In this Wisdom, in the words of R.H. Blyth, things are beautiful—but not desirable; ugly—but not repulsive; false—but not rejected. What is inevitable, like death, is accepted without rage; what may not be, like war, is the subject of action skilful and the more effective because, again, it is not powered and blinded by rage and hate. We may recognise an oppressor and resolutely act to remove the oppression, but we do not hate him. Absence of hatred, disgust, intolerance or righteous indignation within us is itself a part of our growth towards enlightenment (bodhi).
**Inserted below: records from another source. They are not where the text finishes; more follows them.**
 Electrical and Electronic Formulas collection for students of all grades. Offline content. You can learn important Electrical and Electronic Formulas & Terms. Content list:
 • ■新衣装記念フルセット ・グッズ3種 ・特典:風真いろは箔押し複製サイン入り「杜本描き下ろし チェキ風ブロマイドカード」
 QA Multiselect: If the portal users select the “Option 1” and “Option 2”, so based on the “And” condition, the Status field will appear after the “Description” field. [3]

Such freedom from negative emotions should not be mistaken for indifference, passivity, compromise, loving our enemy instead of hating him, or any other of these relativities. This Wisdom transcends the Relativities which toss us this way and that. Instead, there is an awareness, alert and dispassionate, of an infinitely complex reality, but always an awareness free of despair, of self-absorbing aggression, or of blind dogma, an awareness free to act or not to act. Buddhists have their preferences, and in the face of such social cataclysms as genocide and nuclear war, they are strong preferences, but they are not repelled into quietism by them. What has been said above has to be cultivated to perfection by one following the Bodhisattva ideal. We are inspired by it, but very few of us can claim to live it. Yet we shall never attain the ideal by turning our backs upon the world and denying the compassionate Buddha nature in us that reaches out to suffering humanity, however stained by self love those feelings may be. Only through slowly ’wearing out the shoe of samsara’ in whatever way is appropriate to us can we hope to achieve this ideal, and not through some process of incubation.
This Great Wisdom (prajñā) exposes the delusion, the folly, sometimes heroic, sometimes base, of human struggle in the face of many kinds of suffering. This sense of folly fuses with the sense of shared humanity in the form of compassion (karuṇā). Compassion is the everyday face of Wisdom.
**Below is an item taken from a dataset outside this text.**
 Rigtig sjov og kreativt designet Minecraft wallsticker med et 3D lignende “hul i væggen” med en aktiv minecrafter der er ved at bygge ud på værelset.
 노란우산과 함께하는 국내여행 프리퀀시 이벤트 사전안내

In individual spiritual practice though, some will incline to a Way of Compassion and others to a Way of Wisdom, but finally the two faculties need to be balanced, each complementing and ripening the other.
He who clings to the Void
And neglects Compassion
Does not reach the highest stage.
But he who practises only Compassion
Does not gain release from the toils of existence.
Saraha, 1954
To summarise, Buddhist or non-Buddhist, it is our common humanity, our ’Buddha nature,’ that moves us to compassion and to action for the relief of suffering. These stirrings arise from our underlying relatedness to all living things, from being brothers and sisters one to another. Buddhist spiritual practice, whether at work or in the meditation room, ripens alike the transcendental qualities of Compassion and Wisdom.
Social action starkly confronts the actor with the sufferings of others and also confronts him with his own strong feelings which commonly arise from such experience, whether they be feelings of pity, guilt, angry partisanship or whatever. Social action is thus a powerful potential practice for the follower of the Way, a ’skilful means’ particularly relevant to modern society.
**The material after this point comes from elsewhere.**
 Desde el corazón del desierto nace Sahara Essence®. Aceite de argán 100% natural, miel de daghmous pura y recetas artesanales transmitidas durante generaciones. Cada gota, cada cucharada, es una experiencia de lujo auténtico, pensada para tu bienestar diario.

Finally, it is only some kind of social action that can be an effective and relevant response to the weight of social karma which oppresses humanity and which we all share.
All social action is an act of giving (dāna), but there is a direct act which we call charitable action, whether it be the UNESCO Relief Banker’s Order or out all night with the destitutes’ soup kitchen. Is there anything about Buddhism that should make it less concerned actively to maintain the caring society than is Christianity or humanism? “Whoever nurses the sick serves me,” said the Buddha. In our more complex society, does this not include the active advancement and defence of the principles of a national health service?
The old phrase ’as cold as charity’ recalls the numerous possibilities for self-deception in giving to others and in helping them. Here is opportunity to give out goodness in tangible form, both in our own eyes and those of the world. It may also be a temptation to impose our own ideas and standards from a position of patronage. David Brandon, who has written so well on the art of helping, reminds us that “respect is seeing the Buddha nature in the other person. It means perceiving the superficiality of positions of moral authority. The other person is as good as you. However untidy, unhygienic, poor, illiterate and bloody-minded he may seem, he is worthy of your respect. He also has autonomy and purpose. He is another form of nature” (Brandon, 1976, p. 59).
There are many different ways in which individual Buddhists and their organisations can give help and relieve suffering. However, ’charity begins at home.’ If a Buddhist group or society fails to provide human warmth and active caring for all of its members in their occasional difficulties and troubles—though always with sensitivity and scrupulous respect for privacy—where then is its Buddhism? Where is the Sangha?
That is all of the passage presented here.